Max power: Rookie Reinhart leads Heat past Marlies in series opener

Conventional hockey wisdom holds that the playoffs are a time when the grizzled veterans take over. But Max Reinhart is rather precocious.

Heat defenceman Joe Piskula battles along the boards with Toronto Marlies forward Greg Scott.

Heat defenceman Joe Piskula battles along the boards with Toronto Marlies forward Greg Scott.

Conventional hockey wisdom holds that the playoffs are a time when the grizzled veterans take over.

But as rookies go, Max Reinhart is a rather precocious.

In just his third pro hockey game, the 20-year-old centre was the difference, notching a goal and an assist as the Abbotsford Heat beat the Toronto Marlies 3-1 on Tuesday evening in the opening game of their best-of-seven second round series.

Game 2 goes Thursday in Toronto, and Game 3 is Saturday at the Abbotsford Entertainment and Sports Centre.

Reinhart’s two-way skills and understanding of the game are beyond his years, and Heat head coach Troy Ward lauded the youngster’s “hockey brain” in the aftermath.

“The one thing about Max is, he finds himself to always be in positions to make an impact on the game,” Ward said of Reinhart, who fired a team-high five shots on net and had a +2 rating. “We’ve seen him now, in a short amount of time, score some goals at this level, and that’s not by coincidence.
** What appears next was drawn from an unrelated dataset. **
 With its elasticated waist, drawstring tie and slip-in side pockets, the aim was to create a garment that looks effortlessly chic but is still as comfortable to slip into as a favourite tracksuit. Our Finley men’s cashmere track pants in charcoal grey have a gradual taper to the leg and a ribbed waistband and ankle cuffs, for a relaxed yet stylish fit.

That has to do with his hockey intelligence.”

Playing before 4,934 fans at Toronto’s Ricoh Coliseum, Reinhart opened the scoring at 15:24 of the first period. Greg Nemisz chipped the puck ahead to spring Reinhart and Hugh Jessiman on a two-on-one break, which devolved into a goalmouth scramble. Reinhart tracked down the biscuit and chipped it over fallen Marlies goalie Ben Scrivens.

Midway through the second period, the rookie made a sweet play to set up the Heat’s second goal. Reinhart passed the puck to himself off the back of the net to elude a Marlies defender, then fed Chris Breen at the point, and the big blueliner’s shot beat Scrivens.
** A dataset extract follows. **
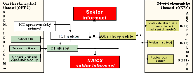 Vymezení informační sektoru vychází z platné Odvětvové klasifikace ekonomických činností (OKEČ), která je zpracována podle pravidel závazných pro vytvoření odvětvových klasifikací na mezinárodni úrovni. Při klasifikaci jednotlivých odvětvových skupin informačního sektoru se vycházelo především z doporučení Organizace pro ekonomickou spolupráci a rozvoj (OECD) pro tzv. ICT sektor, který byl doplněn o některá další odvětví především z oblasti produkující tzv. obsah (Obsahově produkční sektor) podle definic a klasifikací, která jsou používána např. ve Finsku, Francii nebo v USA. Vzhledem k dynamickému vývoji celé informační společnosti a jisté zastaralosti stávajících klasifikací, a tim neexistenci spolehlivých dat v požadovaném členěni bylo nutné v některých případech použít data v méně než požadované úrovni OKEČ pro Informační sektor. Data za celý informační sektor, stejně jako za jeho dvě hlavní části ( ICT sektor a Obsahově produkční sektor) jsou v této publikaci založeny na rozšířené definici.

The Heat began the third period in nervous fashion – the hosts registered the first six shots of the frame, and that pressure yielded a goal by Matt Frattin off a feed from Joe Colborne.

But Abbotsford goalie Danny Taylor slammed the door from there – he turned aside 14 shots in the third period, including a pair of point-blank stops on Toronto forward Ryan Hamilton to preserve the one-goal lead.

Guillaume Desbiens got the insurance marker, scoring into an empty net with 1:21 remaining.

Reinhart, who joined the Heat after his WHL season with the Kootenay Ice ended, now has four points in three AHL games. He’s found a comfort zone on a line with Jessiman and Nemisz.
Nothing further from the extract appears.